Выезжали из Кизыл–Арвата долго, так как шофер–либерал насажал умоляющих безбилетников и вынужден был объезжать пост ГАИ по старой дороге, где ни асфальта, ничего.

На автостанции девочка–туркменка лет семи продавала семечки. Сидит около ведра с семечками, лузгает сама; рядом бумажные фунтики наверчены; в подоле кошелек. Торгует бойко, мелочь считает свободно: рано приобщилась к взрослой жизни. Одаривает совсем уж малолетних пассажиров бесплатными горсточками, словно выделяя представителей своей детской нации, волею судьбы заброшенных на чужбину к чужестранцам–взрослым.

Здесь же семья офицера–пограничника, уезжающая в Ашхабад: сам лейтенантик с еще тонкой мальчишеской шеей, такая же молодая жена в больших и слишком модных для всей этой обстановки очках. У них девочка ― года два с половиной, совершеннейший ангел: пухлые локти и коленки, белые кудряшки, белые носочки, нарядное платье, чистенькие сандалии. Глазеет на эту туркменку–продавщицу как завороженная. А когда та протянула ей семечек, взяла их ужасно неудобно, в оба кулака сразу, прижала к своему кукольно–игрушечному платьицу и со светящимися от восторга глазами побежала показывать неожиданно свалившееся на нее счастье маме.

Пока я вспоминал и обдумывал все это, моя соседка рассказала мне два двухсерийных фильма: арабский («Неизвестная женщина») и турецкий («Красная косынка»).

– Очень душевные кино; сходите обязательно; я с самого начала до самого конца все время плакала; это не то, что индийские: любила ― убили ― другого полюбила; нет, эти со смыслом; очень переживательные; а Вы какие книги читать любите? Вы книгу «Мартин Иден» читали? Объясните мне, пожалуйста, он что, утопился? а почему? Ведь все же получил, и богатство было, и слава?

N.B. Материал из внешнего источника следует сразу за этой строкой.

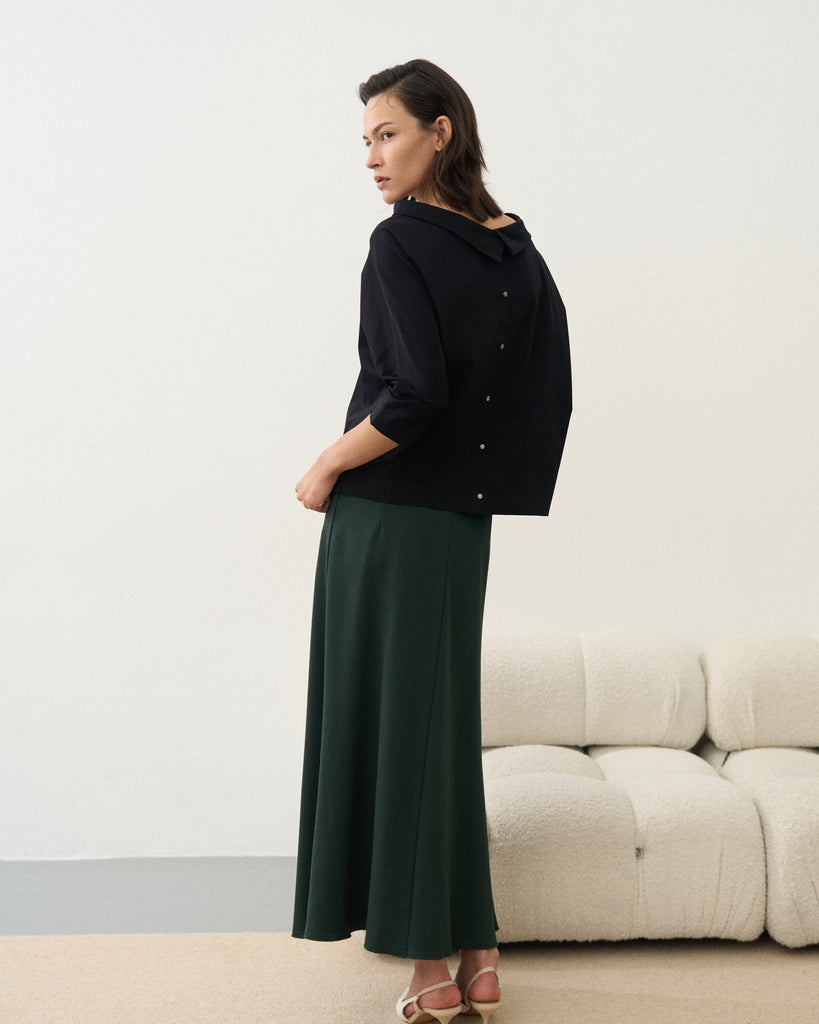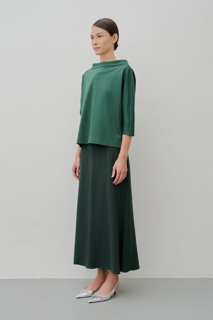Comfort throughout your day. Our new A-line maxi skirt is soft, stretchy, and made to feel like second skin, and is cut to flow beautifully as you move. Finished witha concealed side zip closure.
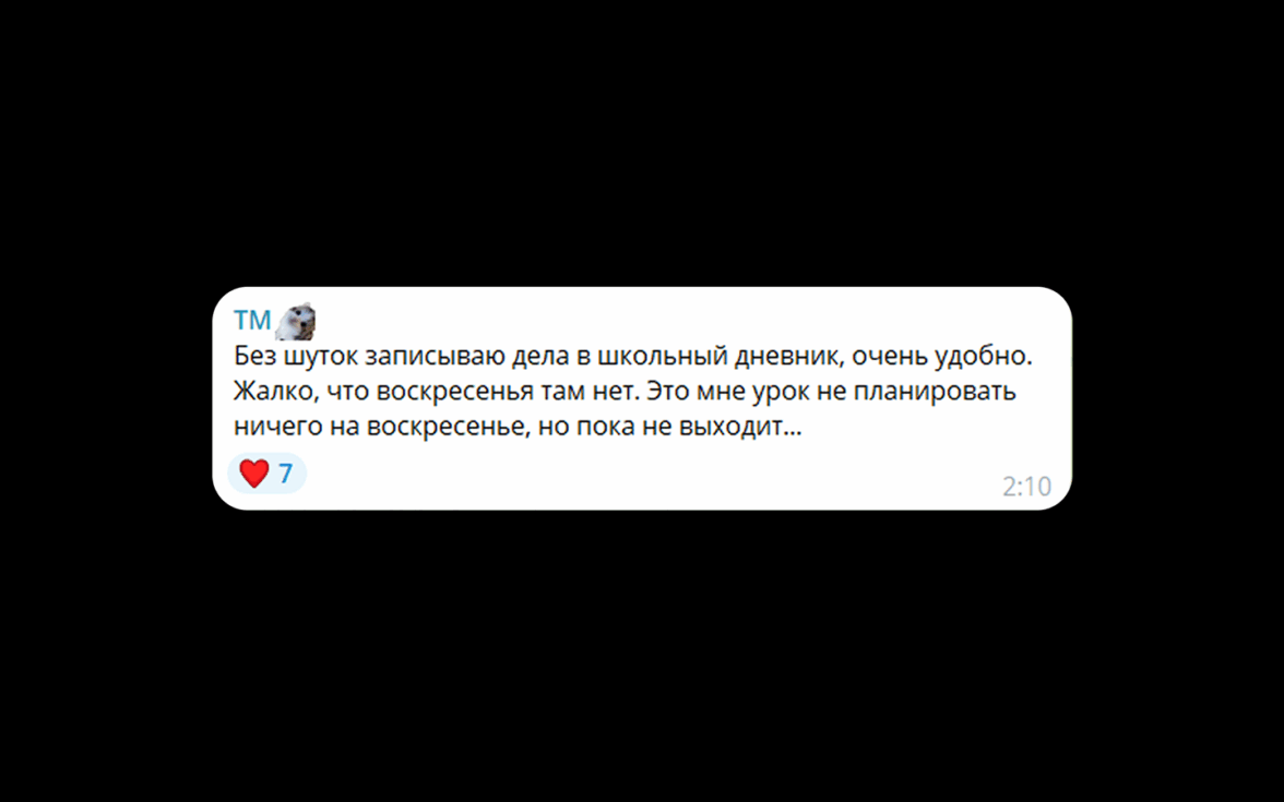 Это обратная связь от читателей одного из каналов — кто-то и правда использует школьный дневник как планировщик

А ведь правда Руфь вела буржуазный образ жизни? а у меня муж следователь, он приносит каталоги убийств, толстые такие, знаете, как ценники, там все расписано, где как все было, кто дело вел, сколько дали; а вы детективы читать любите? я очень люблю, так интересно; вот у нас пятнадцать лет ― высшая мера, при Сталине двадцать пять было, а сейчас расстрел только за госизмену; приходите к нам чай пить; вот я вам расскажу, парень с девушкой гулял, у нее живот растет и растет, к врачу пошла, посмотрели ― срок большой, на кресло не стали брать, ее отец парня в коровник заманил и топором, а оказалось, у нее киста; кисту вырезали, девушка за другого вышла, родила ему (отец того, первого, в коровнике припрятал), а через двенадцать лет открылось, девушка та сама и узнала, в газету написала, ее отцу дали пятнадцать лет; я так читать люблю, я десять лет в русской школе училась; только уж очень летом жарко; вы знаете, ну просто невозможно, когда ночью тридцать три, то никак не уснешь, уж что только не делаем: и мокрые простыни на окна вешаем и заворачиваемся в них, а все без толку; я и читала все подряд, но только Пушкина и Крылова не люблю: у Пушкина одни сказки, а у Крылова ― басни…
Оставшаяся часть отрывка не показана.